Unsure what to make of the blasted rooms, the men are at a loss. Ragnar suggests that someone must have attacked these wizards, but no one has claimed their hall. Since the Runeforge was a wizardly workshop, the silver rod may have kept them away. So long as no one knows that the rod has been removed, perhaps other intruders will stay away. The men might be able to use the Abjurant Halls as a convenient muster point, if the other inhabitants of the Runeforge avoid it.

After a bit of preparation, the men decide to explore the Halls of Greed (or Transmutation). At the end of another long stone corridor, Zendo sees an iron door glittering faintly at the edge of the group’s lights. He approaches it stealthily, and sees that the door, mounted to the left side of the tunnel, is studded with dozens of colorful gemstones. Though it appears to have no latch,a depression in the center contains a keyhole. Zendo moves up to the door to listen, but when he presses his ear against the door, the entire door shoots outward at him!

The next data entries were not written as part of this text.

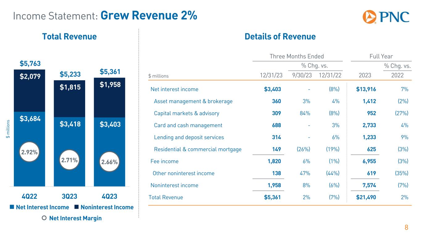Income Statement: Record Full Year Revenue 7 − Core noninterest expense (non-GAAP) – See Reconciliation in the Appendix. Core noninterest expense excludes the $515 million pre-tax impact of the FDIC's special assessment related to the closures of SVB and Signature Bank as well as $150 million pre-tax workforce reduction charges incurred in the fourth quarter of 2023. − Pretax, pre-provision earnings, as adjusted (non-GAAP) – See Reconciliation in the Appendix. Adjusted Operating Leverage (non-GAAP) – See Reconciliation in the Appendix. Adjusted Diluted EPS (non- GAAP) – See Reconciliation in Appendix. − Net interest margin is calculated using taxable-equivalent net interest income, a non-GAAP measure, see Reconciliation in the Appendix. Three Months Ended Full Year % Change vs. % Change vs. $ in millions 12/31/23 9/30/23 12/31/22 2023 2022 Net interest income $3,403 - (8%) $13,916 7% Noninterest income 1,958 8% (6%) 7,574 (7%) Total revenue 5,361 2% (7%) 21,490 2% Noninterest expense 4,074 26% 17% 14,012 6% Core noninterest expense (non-GAAP) 3,409 5% (2%) 13,347 1% Pretax, pre-provision earnings, as adjusted (non-GAAP) $1,952 (2%) (15%) $8,143 2% Provision for credit losses $232 80% (43%) $742 56% Income taxes $172 (40%) (48%) $1,089 (20%) Net income $883 (44%) (43%) $5,647 (8%) 4Q23 3Q23 4Q22 2023 2022 Noninterest income to total revenue 37% 35% 36% 35% 38% Net interest margin (non-GAAP) 2.66% 2.71% 2.92% 2.76% 2.65% Diluted EPS $1.85 $3.60 $3.47 $12.79 $13.85 Adjusted Diluted EPS (non-GAAP) $3.16 N/A N/A $14.10 N/A Adjusted Operating Leverage (non-GAAP): +41 bps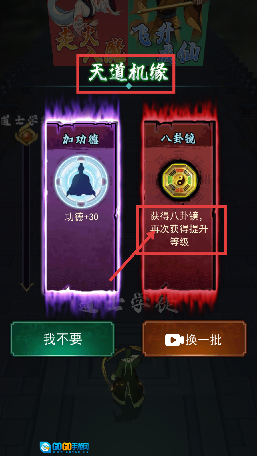 2、遇到【天道机缘】选择时,优先选【八卦镜】,可提升等级增强战力,助力降妖。
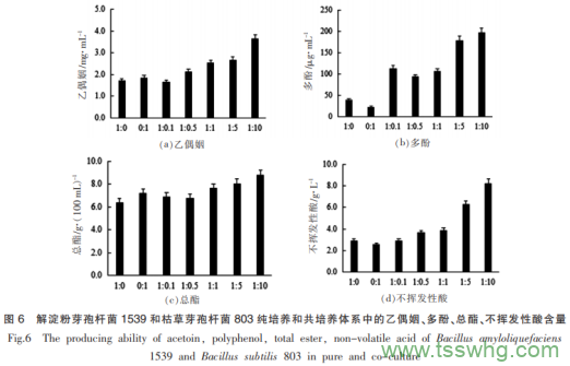 由圖6可知,以解淀粉芽孢桿菌1539和枯草芽孢桿菌803純培養(yǎng)(1:0和0:1)為對照,研究解淀粉芽孢桿菌1539和枯草芽孢桿菌803比例分別為1:0,0:1,1:0.1,1:0.5,1:1,1:5,1:10(V/V)共培養(yǎng)時對乙偶姻、多酚、總酯、不揮發(fā)酸含量的影響。解淀粉芽孢桿菌1539和枯草芽孢桿菌803在純培養(yǎng)(1:0和0:1,V/V)條件下的乙偶姻、總酯含量接近,低于解淀粉芽孢桿菌1539和枯草芽孢桿菌803共培養(yǎng)的含量,并且隨著枯草芽孢桿菌803比例的增加,乙偶姻、總酯含量逐漸增大,當解淀粉芽孢桿菌1539和枯草芽孢桿菌803按1:10(V/V)共培養(yǎng)時乙偶姻、總酯含量最高,分別比純培養(yǎng)提高了96.23%、12.08%。

The bard tumbles backward quickly to avoid injury as the iron door shoots forward, stopping only a hairbreadth from the opposite wall. The ‘door’ is not a door at all, but an immense iron slab mounted on a piston. The slab retracts into the wall after being triggered.

Now much more cautious, Hikage examines the dead end of the tunnel, and notices a faint pattern in the stone. Moving up carefully, he opens a secret door in the end of the hall which reveals a beautiful tunnel of polished wood inlaid with gold and silver runes. The men move through the hallway, marveling at the extravagant nature of the woodwork and inset precious metals. The hall stretches for a hundred feet before it is obscured by a greenish mist sparkling with silver motes of light. Beyond the mist, the men can faintly see a huge, glassy sculpture of a whale, spraying water from its blowhole, in the center of a large fountain.

Corvus intently examines the green, sparkling mist, and determines that it is some sort of bound transformational spell, polymorphing those who breath the mist into goldfish!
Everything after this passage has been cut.